Studio album by Artigeardit
- Released: 25 April 2025
- Genre: Hip-hop
- Length: 33:14
- Label: Universal Music Denmark
- Producers: Marius Iversen; Nicki Pooyandeh; Anton Westerlin; Rob Smyles; JenneJenne; Vera;

Artigeardit chronology
| På gen5yn (2024) | Æteren (2025) | Pusto (2026) |

Singles from Æteren
- "Seaside" Released: 10 April 2025;

= Æteren =

2025 studio album by Artigeardit

Æteren is the fifth solo studio album by Albanian-Danish rapper Artigeardit. The album, released on 25 April 2025, was published by Universal Music Denmark. The album became Artigeardit's fourth consecutive number one album, including the collaborative album with Lamin, Nu hvor vi er her. Since its release, the album has achieved gold certification from IFPI Danmark.

== Release and reception ==
Artigeardit first announced the album via Instagram on 23 April 2025, where he shared the album's track list. The album, Æteren, was two days later. Preceding the album's release, on 10 April, Artigeardit released the single "Seaside".

Upon its release, the album received generally positive reviews. Soundvenue, which gave the album four of six stars, praised the album overall and Artigeardit's collaboration with Marius Iversen, the primary producer of the album. However, the reviewer noted that the guest features sometimes overshadowed Artigeardit. Politiken reviewer Pernille Jensen gave a favourable review with four of six stars, but stated the album suffered from the "inconsistent quality of its tracks". Ralf Christensen, of Dagbladet Information, reviewed the album positively, complimenting Artigeardit's exploration and mixing hip-hop and pop. Gaffa was more critical with just two of six stars, criticizing what the reviewer saw as "unfinished-sounding demos" and creative directions that were not fully developed.

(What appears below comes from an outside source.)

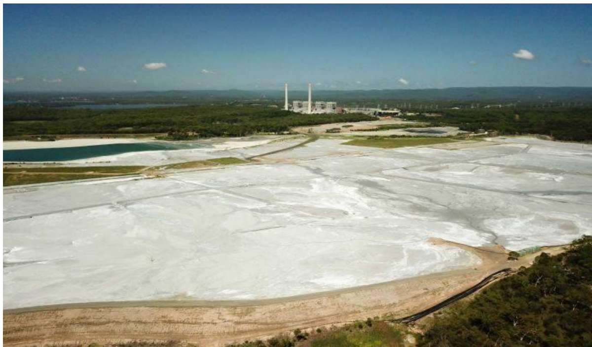
Vales Point ash dam:

Air quality contributes to many health issues whilst coal ash is blown over the suburbs and lake mixed with a concoction of illegally dumped asbestos and un-named general waste.

The album debuted at number one on the Hitlisten charts on 7 May 2025, making it Artigeardit's fourth consecutive album to achieve the honour. The album spent 19 weeks on the Hitlisten charts. As the only single from the album, "Seaside" went on to achieve platinum certification, peaking at number two on the singles chart following the album's release. The only other song from the album to reach the top 40 was "Honningkrukken". The album has been certified gold by IFPI Danmark.

== Track listing ==

| No. | Title | Lyrics | Producer(s) | Length |
|---|---|---|---|---|
| 1. | "De her svin" | Artigeardit | Marius Iversen; Nicki Pooyandeh; | 2:07 |
| 2. | "Honningkrukken" | Artigeardit | Iversen | 3:01 |
| 3. | "Baddie" (featuring Tobias Rahim and Josva) | Artigeardit; Rahim; | Iversen | 3:24 |
| 4. | "Seaside" | Artigeardit; Josva; | Iversen | 3:07 |
| 5. | "Uanset" (featuring Gusto) | Artigeardit | Iversen | 2:29 |
| 6. | "Ondt i numsen" | Artigeardit | Iversen | 1:53 |
| 7. | "LVFL" (featuring Noah Carter) | Artigeardit; Carter; | Iversen; Anton Westerlin; | 2:05 |
| 8. | "Til stede" (featuring Mas [da] and Lamin) | Artigeardit; Mas; Lamin; | Iversen; Rob Smyles; JenneJenne; | 3:52 |
| 9. | "Stå for det" (featuring Lord Siva [da]) | Artigeardit; Lord Siva; | Iversen | 2:30 |
| 10. | "Altid anderledes" | Artigeardit | Iversen; Westerlin; | 2:54 |
| 11. | "FaceTime" | Artigeardit | Iversen | 3:13 |
| 12. | "Æteren" (featuring Vera and MØ) | Artigeardit; MØ; Mads Koch; Søren Breum; | Iversen; Vera; | 2:39 |
| Total length: |  |  |  | 33:14 |

== Charts ==
=== Weekly charts ===

Weekly chart performance
| Chart (2025–2026) | Peak position |
|---|---|
| Danish Albums (Hitlisten) | 1 |

=== Year-end charts ===

Year-end chart performance
| Chart | Year | Position |
|---|---|---|
| Danish Albums (Hitlisten) | 2025 | 22 |

== Certifications ==

Certifications
| Region | Certification | Certified units/sales |
| Denmark (IFPI Danmark) | Gold | 10,000^{‡} |
^{*} Sales figures based on certification alone. ^{‡} Sales+streaming figures based on certification alone.